The workflow viewer renders the pipeline as a directed acyclic graph (DAG) showing the dependency structure between steps. The DAG updates in real time as steps complete. A zoom toolbar allows panning and scaling.

Integrated Terminal

Click Terminal to open a shell session inside the container. The terminal runs in the browser via WebSocket and behaves like a standard terminal emulator. Multiple sessions can run concurrently.

Resource Monitor

The status bar at the bottom displays real-time CPU, memory, and disk usage of the container. These metrics update continuously via WebSocket.

Test Generation

The Tests panel generates unit tests for pipeline steps. Select a step and click Generate Tests to produce three categories of verification:

  1. Integrity tests (test_integrity.py) – validate that output files exist, are non-empty, load in their expected format, have the correct shape, and contain no NaN or Inf values.

  2. Qualitative tests (test_qualitative.py) – verify that column names, JSON keys, parameter names, and other categorical content match expectations.

  3. Quantitative tests (test_quantitative.py + quantitative_standards.json) – compare numerical output values against stored benchmarks at full double precision with configurable relative and absolute tolerances.
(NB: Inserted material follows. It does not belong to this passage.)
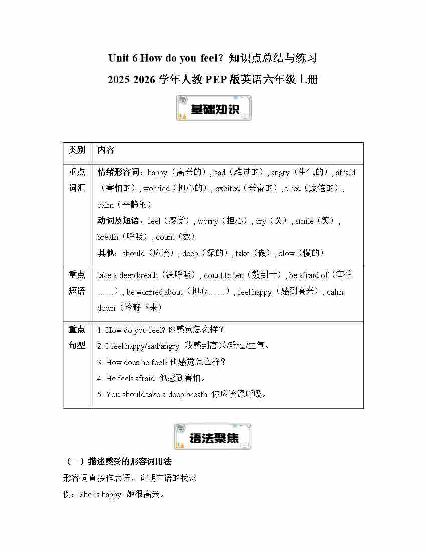 Unit 6 How do you feel?知识点总结与练习 (含答案解析) 2025-2026学年人教PEP版英语六年级上册(1)

Test generation is deterministic by default: a Python introspection script runs inside the container, reads each data file, and produces tests mechanically. No LLM is required. The LLM-based path is available as a fallback by setting bDeterministic: false in the API request.

See Supported Data Formats for the full list of file types the test generator can read.

Sync Controls

The toolbar includes buttons for:

  • Push to Overleaf – sync figures to the configured Overleaf project.
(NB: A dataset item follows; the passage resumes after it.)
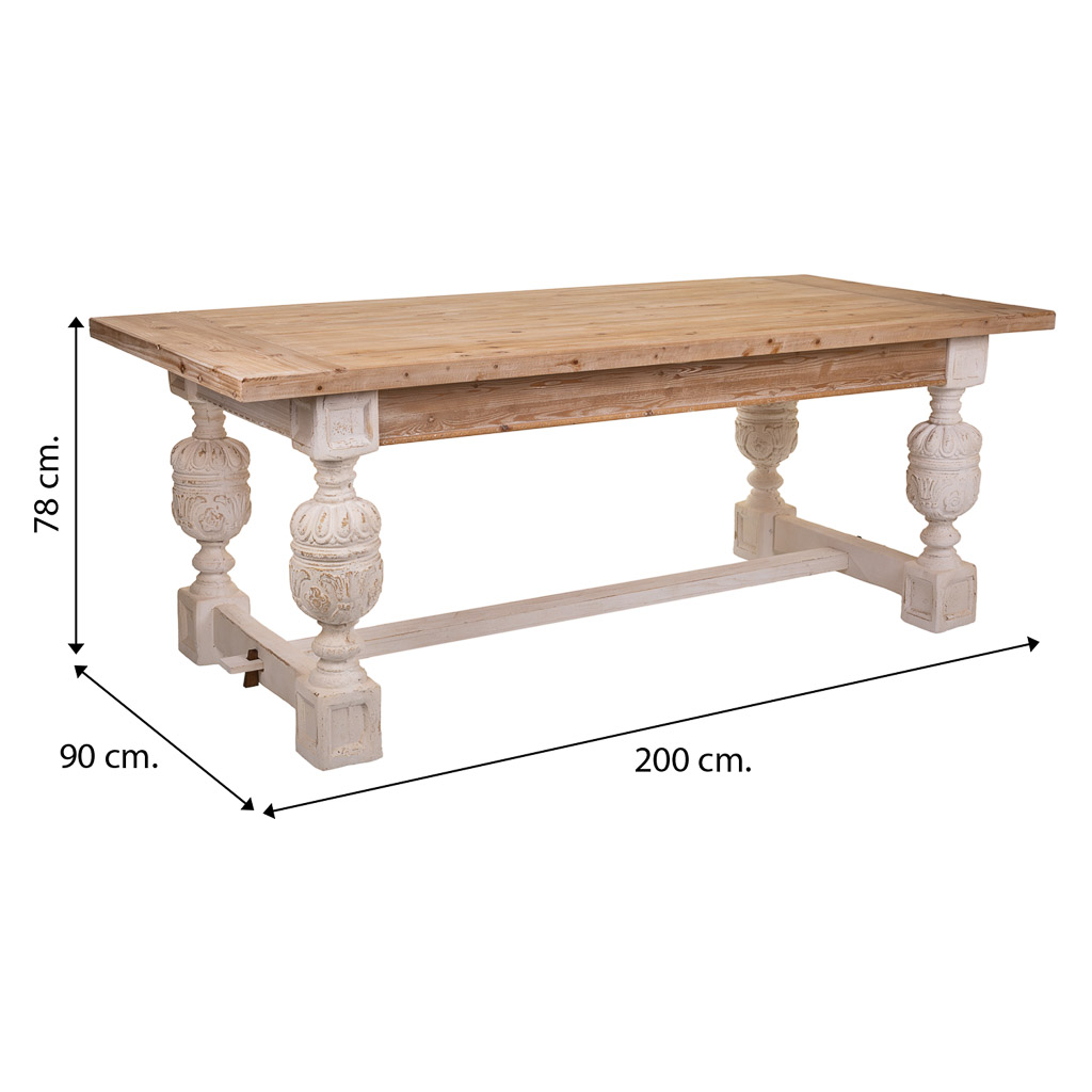 Mesa Rectangular de madera de abeto de 200x90x78 cm Esta mesa de madera de abeto en color natural y patas de color blanco envejecido, aportaran a tu salon una autentica belleza. Dispone de una estructura Rectangular y patas robustas, la mesa en estilo moderno y clasico a la vez, encaja perfectamente en ambientes nordicos, rusticos, contemporaneos e industriales. Una mesa con personalidad y caracter propio. Sus dimensiones y caracteristicas son: Largo:200 cm. Alto: 78 cm. Ancho: 90 cm. Material: madera de abeto

  • Archive to Zenodo – upload outputs and receive a DOI.

  • Generate LaTeX – create \includegraphics commands for all figures.

These actions are also available via the CLI (vaibify publish).

Repos Panel

The Repos panel appears in the left sidebar when a container is opened without a workflow (sandbox or toolkit mode). It lists all tracked git repositories in /workspace with branch, dirty status, and per-repo push controls.
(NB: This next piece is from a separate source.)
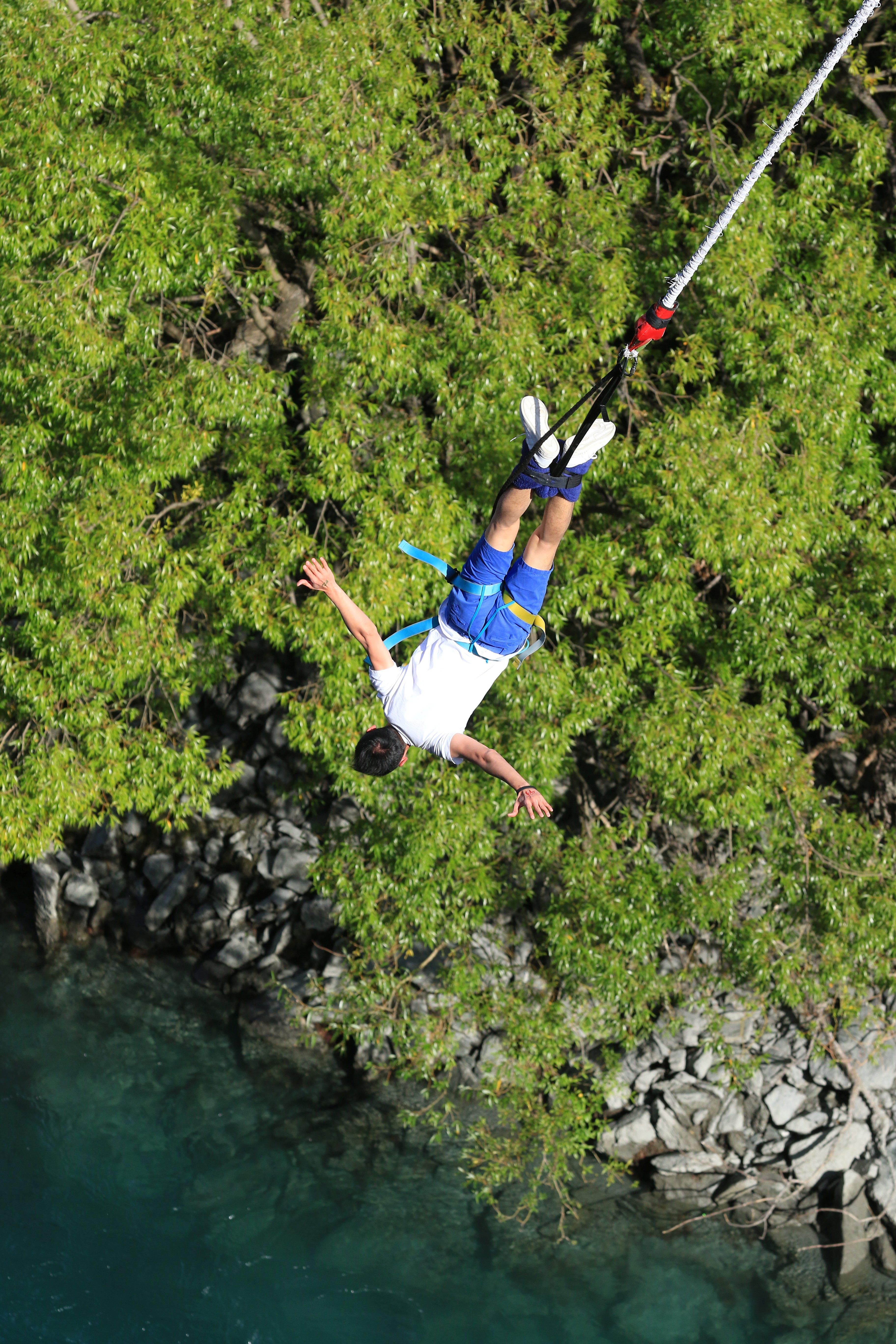 蹦极也有头朝上的,但这种情况一般是教练在表演的时候出现。如果用的坐式安全带,那就不需要一定要头朝下这样跳,因为受力点在腰上。漂亮的动作都有些高难度,如果做不来,别为难自己,比如说翻跟斗,这样很容易发生卷索自尽的情况。

Tracking: when you first open a container, any git repositories already in /workspace (cloned by the entrypoint from vaibify.yml) are automatically tracked. If you clone additional repos from the terminal, vaibify detects them within a few seconds and prompts you to Track or Ignore them.

Dirty detection reflects whether the user has made source-level changes to a repository. Build artifacts produced by package managers and compilers (e.g. *.egg-info/, *.o, *.aux, __pycache__/) are filtered out automatically. A freshly cloned and installed repo will show as clean unless you have edited its source files. The complete list of filtered patterns is defined in trackedReposManager.FROZENSET_ARTIFACT_PATTERNS.

Push commits and pushes changes to a tracked repository’s remote. The default Push button commits whatever you have staged in the terminal (git add + git commit + git push). A secondary “Push files…” option in the gear menu opens a file picker for selecting specific files to commit.

Hub Mode

When Vaibify is invoked with no subcommand, it starts in hub mode – a dashboard that lists all Vaibify projects on the host. Hub mode provides:

  • A container registry browser for discovering published images.

  • A directory browser for locating project configuration files.

  • Quick-launch buttons to start, stop, or open the GUI for any project.

Hub mode binds to the same port (8050) and is intended for users who manage multiple Vaibify environments.